= Task description =
Please copy the lines below, exactly as they are, from the one with "Circa mid 20th" through the one with "Charles Stickley round", and leave out the pictures.

= Listed records =
+---+

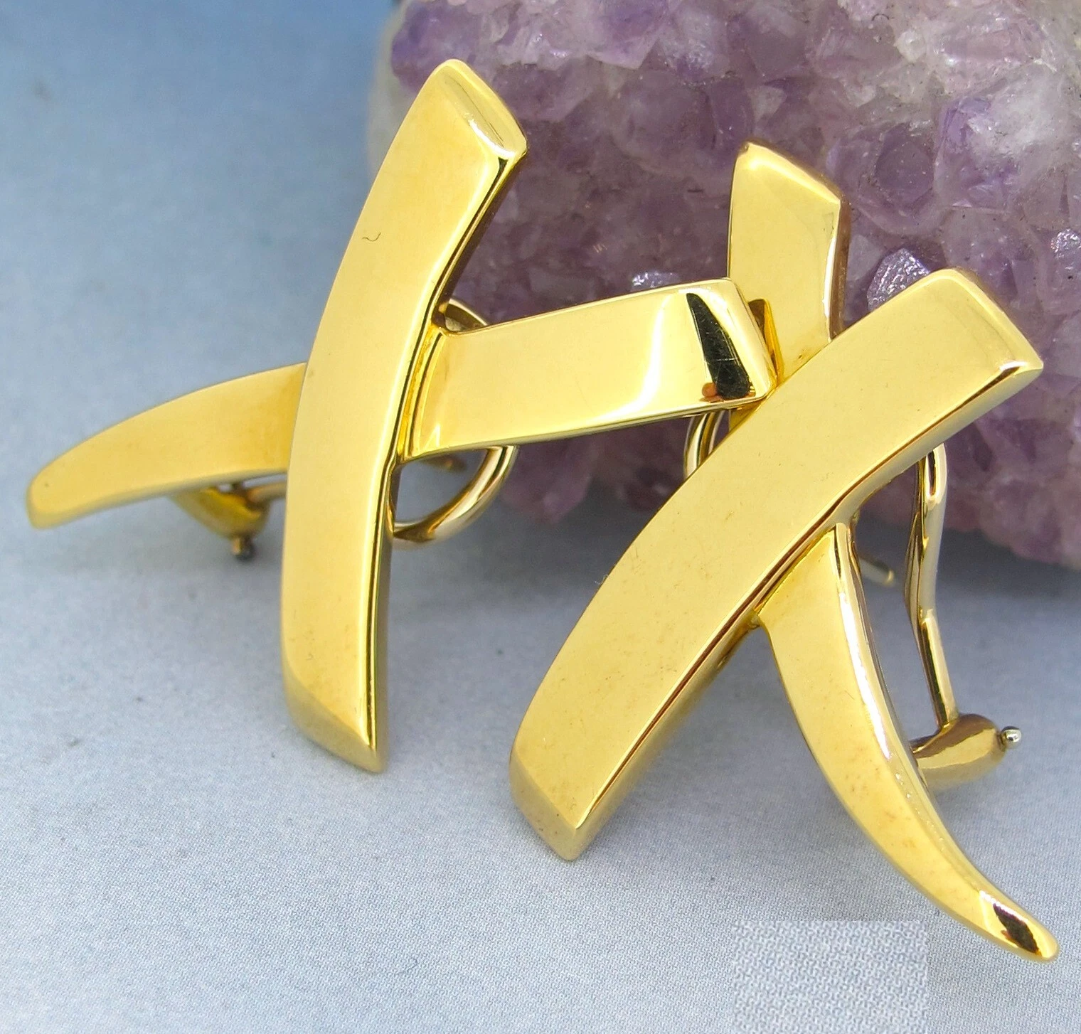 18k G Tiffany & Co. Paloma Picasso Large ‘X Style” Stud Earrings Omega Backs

+---+

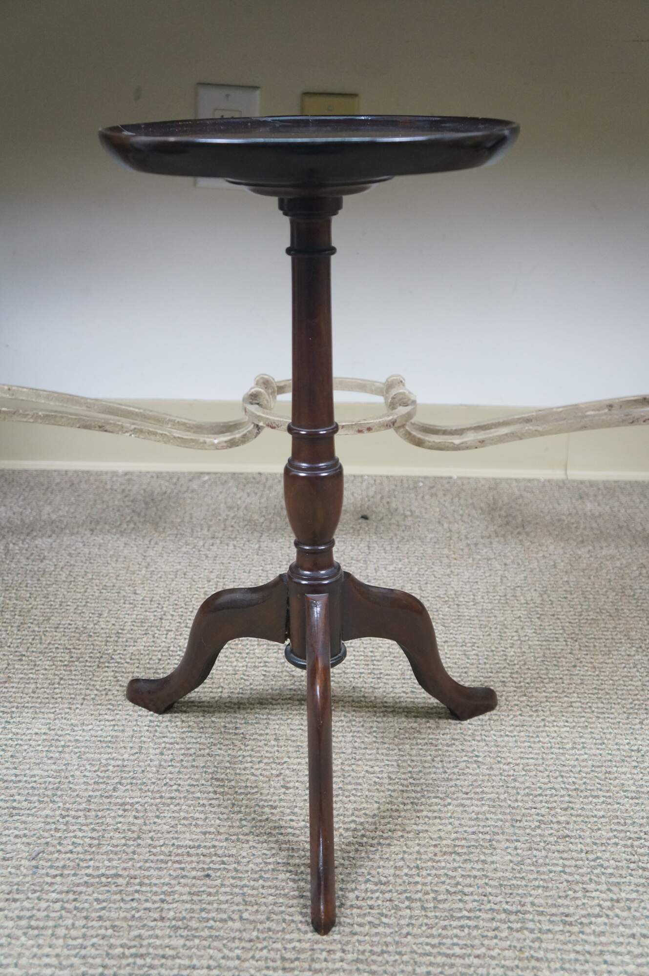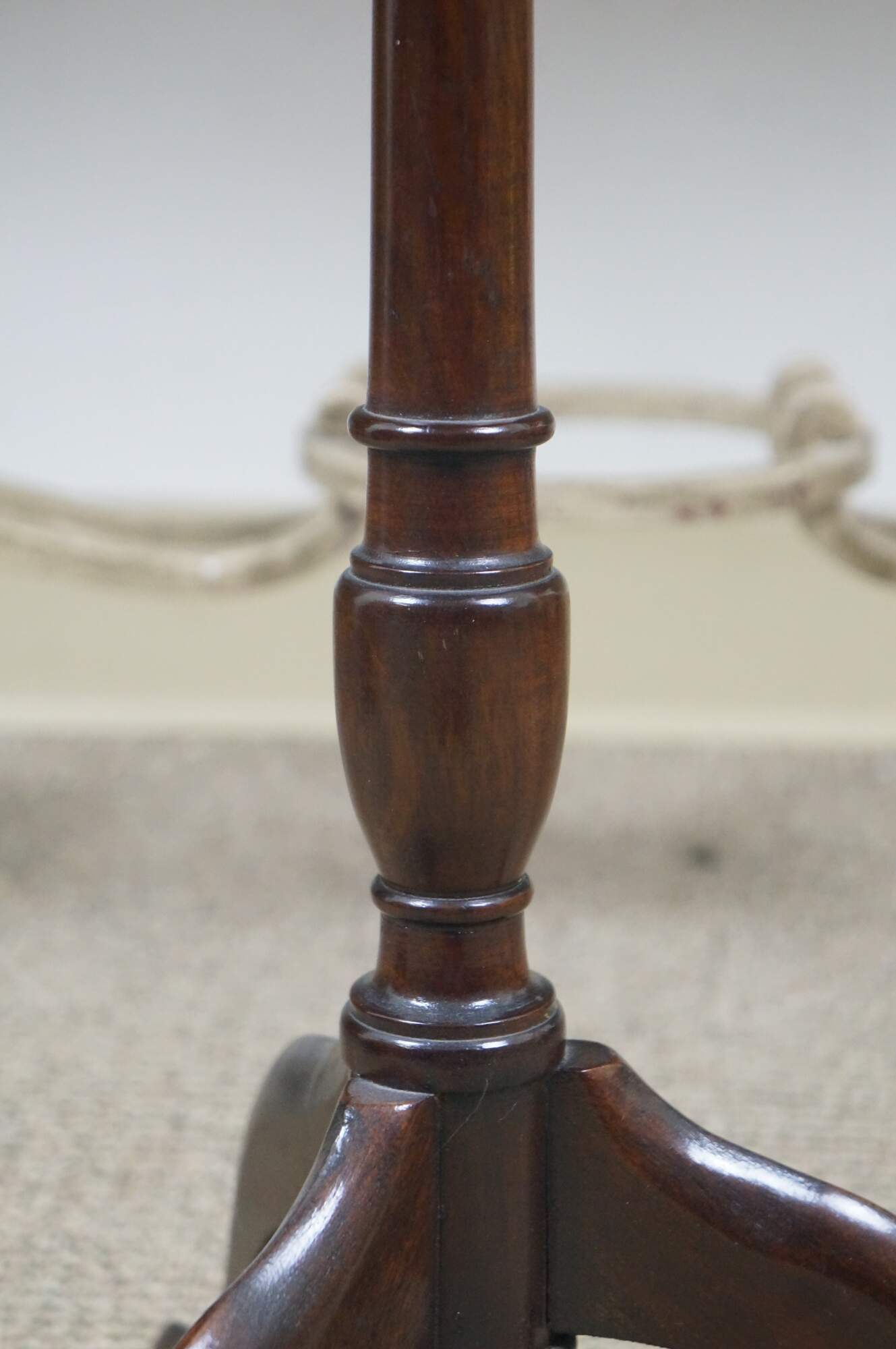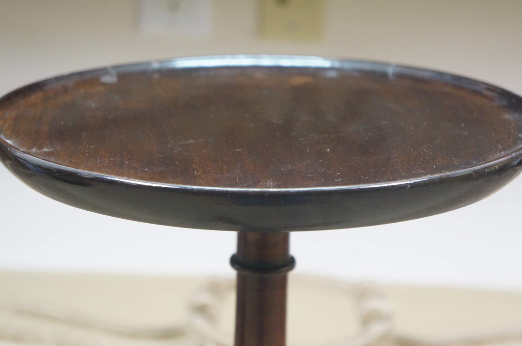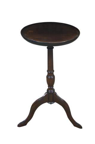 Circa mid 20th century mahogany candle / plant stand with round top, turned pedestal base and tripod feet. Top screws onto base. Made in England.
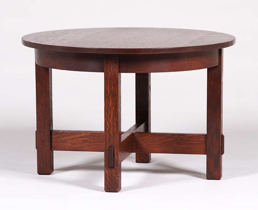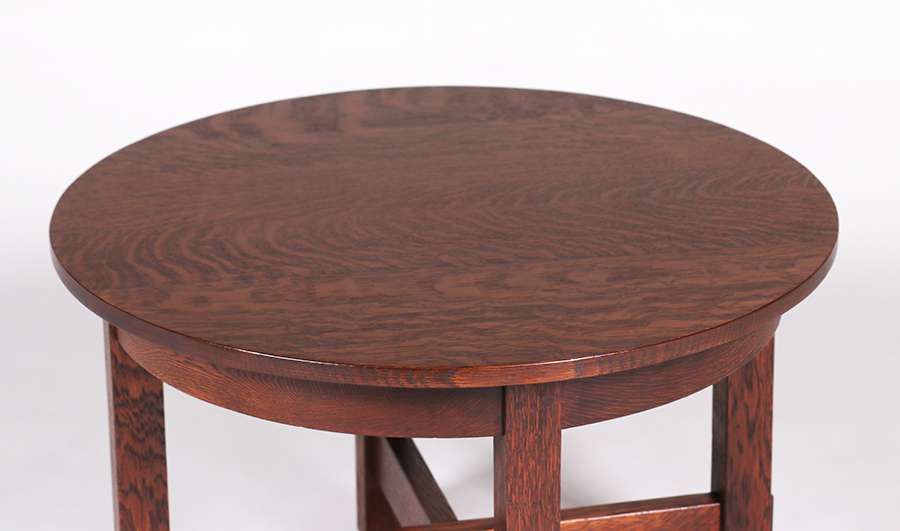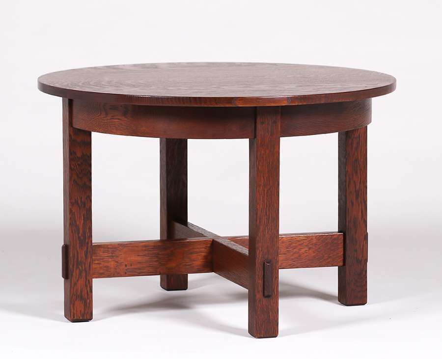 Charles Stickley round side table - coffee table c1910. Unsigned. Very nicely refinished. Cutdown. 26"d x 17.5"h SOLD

+---+

= Written response =
 Circa mid 20th century mahogany candle / plant stand with round top, turned pedestal base and tripod feet. Top screws onto base. Made in England.
 Charles Stickley round side table - coffee table c1910. Unsigned. Very nicely refinished. Cutdown. 26"d x 17.5"h SOLD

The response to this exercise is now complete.